O que é 'Ego'?

O nosso estudo em andamento, intitulado ‘Os Segredos da Bíblia’, a partir deste ponto passará a aludir, com frequência, a uma expressão bastante específica, cuja correta compreensão será fundamental para a assimilação de seu conteúdo: trata-se do termo ‘Ego’. Os leitores antigos de a Arte das artes estão possivelmente acostumados a entender o termo segundo a visão religiosa budista/hinduísta, - a saber, como um sinônimo de nossa identificação com nossos corpos físicos e com o mundo ilusório que nos cerca. - A série de postagens ‘Os Segredos da Bíblia’, no entanto, faz uso da expressão sob a ótica da psicologia de linha junguiana. Entender o significado desta palavra para o autor do livro que serve de inspiração ao nosso estudo será de capital importância para a compreensão desta série. Por essa razão, antes de dar continuidade às publicações, passaremos a uma explicação detalhada a respeito deste assunto particular.

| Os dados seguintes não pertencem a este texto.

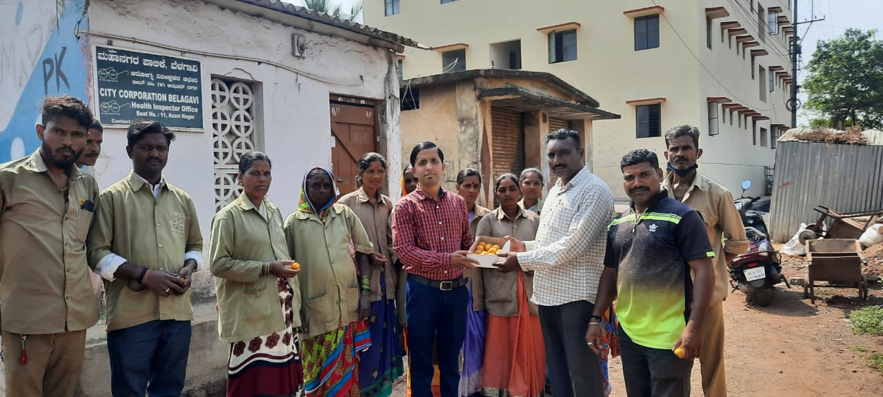 गुढीपाडव्यानिमित्त अभि नाईस कम्युनिकेशनचे मालक अभिजीत बेकवाडकर व सामाजिक कार्यकर्ते प्रसाद चौगुले यांनी आझमनगर, प्रभाग क्र. 25, बीट नंबर 11 येथील महापालिका सफाई कामगारांना मिठाई वाटली.
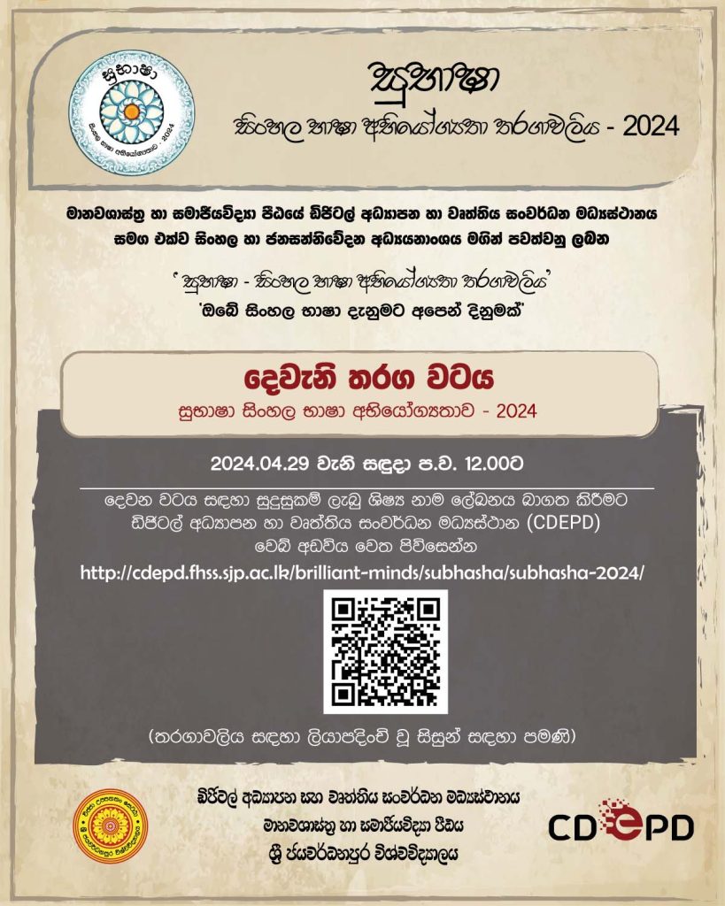 වැඩි විස්තර සඳහා පිවිසෙන්න: http://cdepd.archive.fhss.sjp.ac.lk/brilliant-minds/subhasha/subhasha-2024/
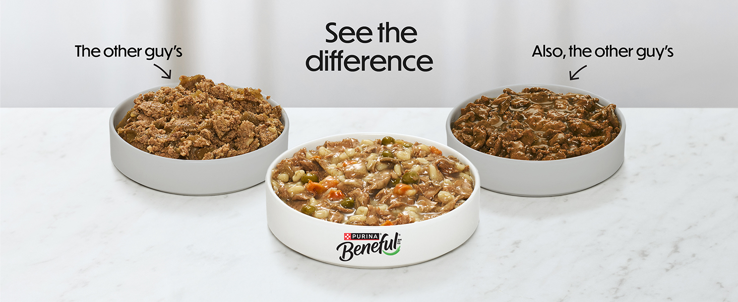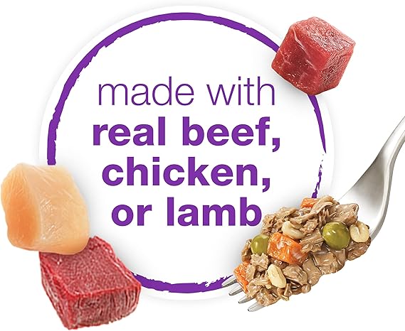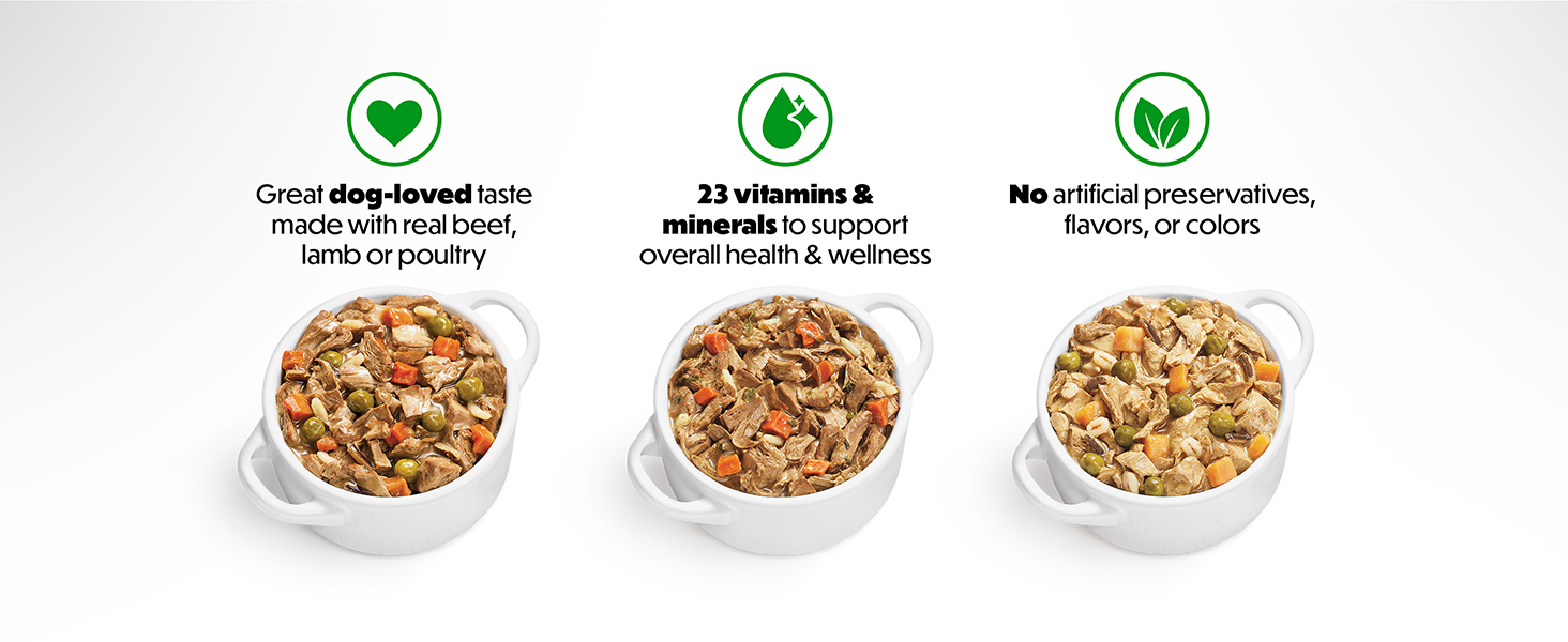 Add variety to your dog’s mealtime for a more exciting eating experience with Purina Beneful Freshly Prepared Blends Variety Pack With Beef, Chicken, or Lamb wet dog food. This flavorful wet dog food variety pack is steam-cooked and sealed for freshness for a mealtime that’s bursting with fresh flavor. Each resealable container features tender, meaty shreds made with real beef, lamb, or chicken, with real vegetables and grains you can see for a satisfying experience with every serving. These ingredients are all accompanied by savory dog food gravy that inspires him to finish every bite. Crafted without artificial colors, flavors or preservatives, each high-quality protein-rich dog food wet recipe contains 23 essential vitamins and minerals to help support overall health and strong muscles. Purina Beneful wet dog food provides 100 percent complete and balanced nutrition for your adult dog and makes a delicious standalone meal or can be mixed with your dog’s favorite kibble as tasty wet dog food topper.
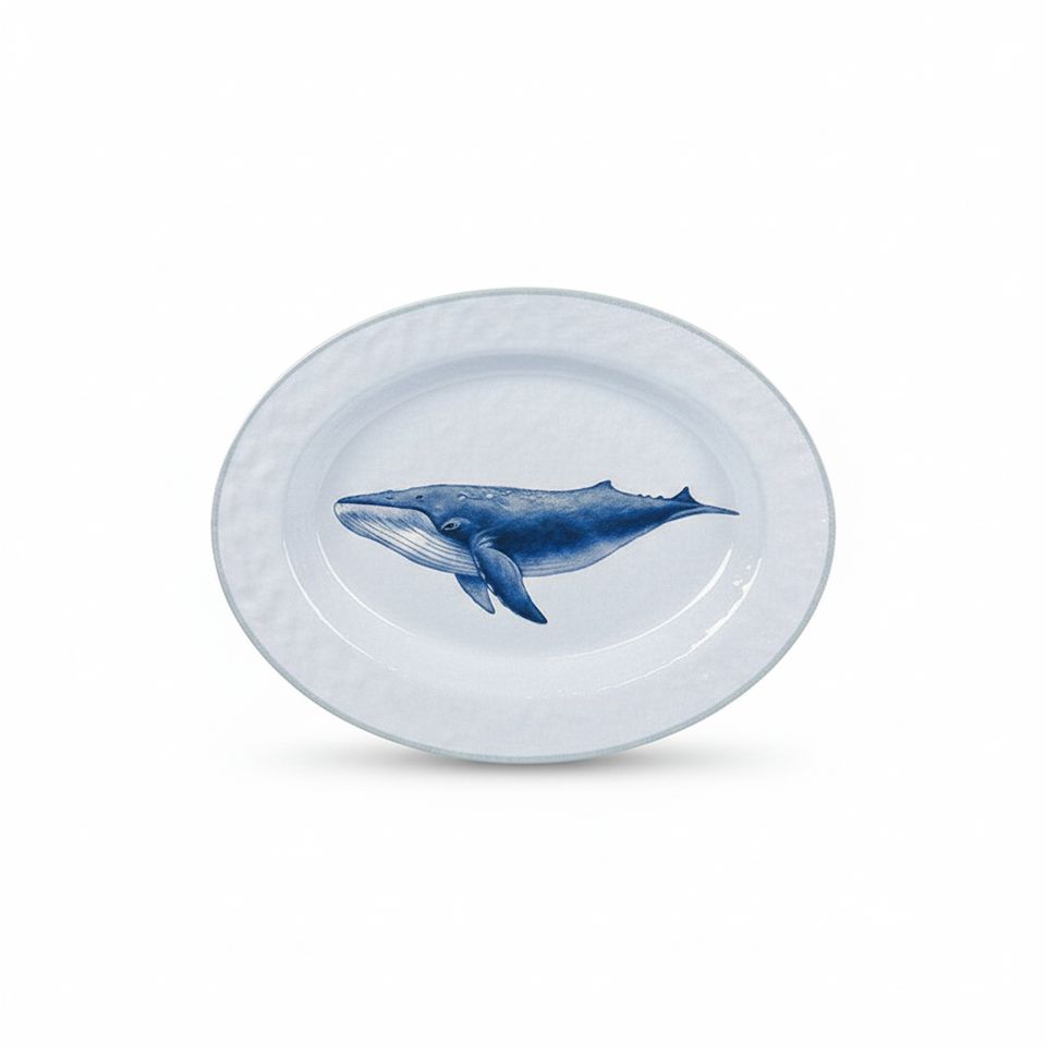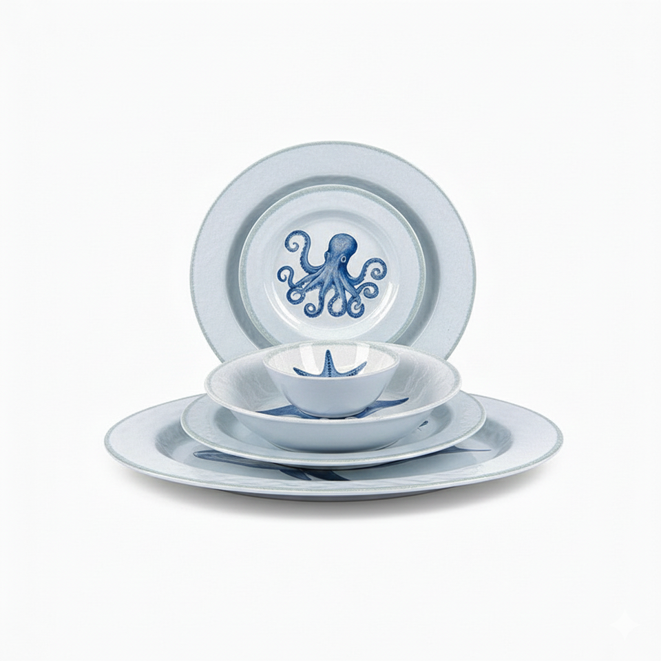 Vajilla de Melamina A5 Personalizada de Alta Calidad con Diseño de Ballena y Concha Marina Azul, Platos y Tazones Redondos Personalizados, Duraderos, Seguros para Alimentos
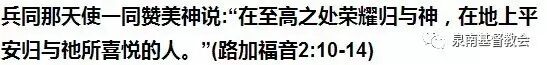 “不要惧怕!我报给你们大喜的信息,是关乎万民的;因今天在大卫的城里,为你们生了救主,就是主基督。你们要看见一个婴孩,包着布,卧在马槽里,那就是记号了。”忽然有一大队天
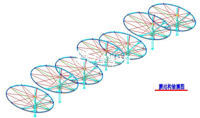 膜結構工程簡介:膜結構雨棚位于室外看臺A-E軸/1-20軸區域。膜結構雨棚采用張拉索膜結構,膜材采用進口法拉利1502t2膜材,雨棚柱頂標高32.643米,由7個長30.08米,寬17.38米的倒傘形狀的單體組成。
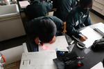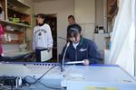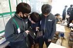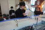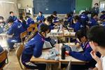 2年生の技術科では「コロックル」というプログラミングを学べる教材づくりで、基板に抵抗やトランジスタをはんだ付けしています。抵抗の種類や向きをしっかりかくにんして慎重にはんだごてで作業しています。
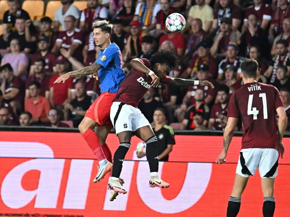 David Raul Miculescu si Angelo Preciado in meciul dintre Sparta Praga si FCSB, contand pentru Preliminariile Ligii Campionilor, desfasurat pe Stadionul Letna din Praga, marti 6 august 2024. © FOTO:Razvan Pasarica/SPORT PICTURES
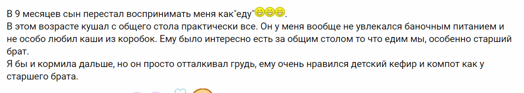 Прежде всего, надо адекватно оценить состояние малыша, чтобы понять, действительно ли он готов к переходу на взрослую пищу. В пользу того, что отказ от маминого молока пройдет относительно безболезненно, говорит следующее:

Antes de qualquer coisa, é preciso entender a visão orientalista a respeito do problema, e só então poderemos confrontá-la com a interpretação da psicologia junguiana. Eis um assunto que este blog já deveria ter abordado há um bom tempo. Antes tarde do que nunca, já dizia o poeta... O que significa Ego, afinal?


O Ego segundo o budismo – por Lama Gangchen Rinpoche




"Em nosso estado mental normal, viver segundo nosso ego parece normal e concreto; o ego parece ser justamente nosso melhor amigo, protetor e benfeitor. Mas na verdade, ele é o nosso pior inimigo, uma fraude que nos engana, fazendo-nos sentir que não podemos existir ou viver sem ele. Como um monstro morando em nosso coração, ele está sempre pronto para fazer coisas ruins e causar problemas a nós e aos outros. Nosso ego tem muitos truques para se manter na ativa. Por isso, devemos prestar atenção quando começarmos a nos dizer: 'Se eu não cuidar do número um (nós mesmos), não vou trabalhar e vou acabar passando fome'; 'Se eu ficar me distraindo com esses assuntos espirituais, vou acabar virando um tolo!' - O ego tem mais defesas que a OTAN. Cuidado!

Não há dúvidas de que é do nosso próprio interesse nos livrarmos desse demônio interior o mais rápido possível (a menos que sejamos masoquistas e gostemos da eterna dor física e mental). Ao recolher e responsabilizar nosso ego de apego a si mesmo por todos os nossos problemas, com certeza geraremos o desejo de cuidar de nosso mundo interno e de nos livrar desse ego o mais rápido possível. Para isso, precisamos enxergá-lo como um mentiroso, examinando se de fato existe como parece ou não.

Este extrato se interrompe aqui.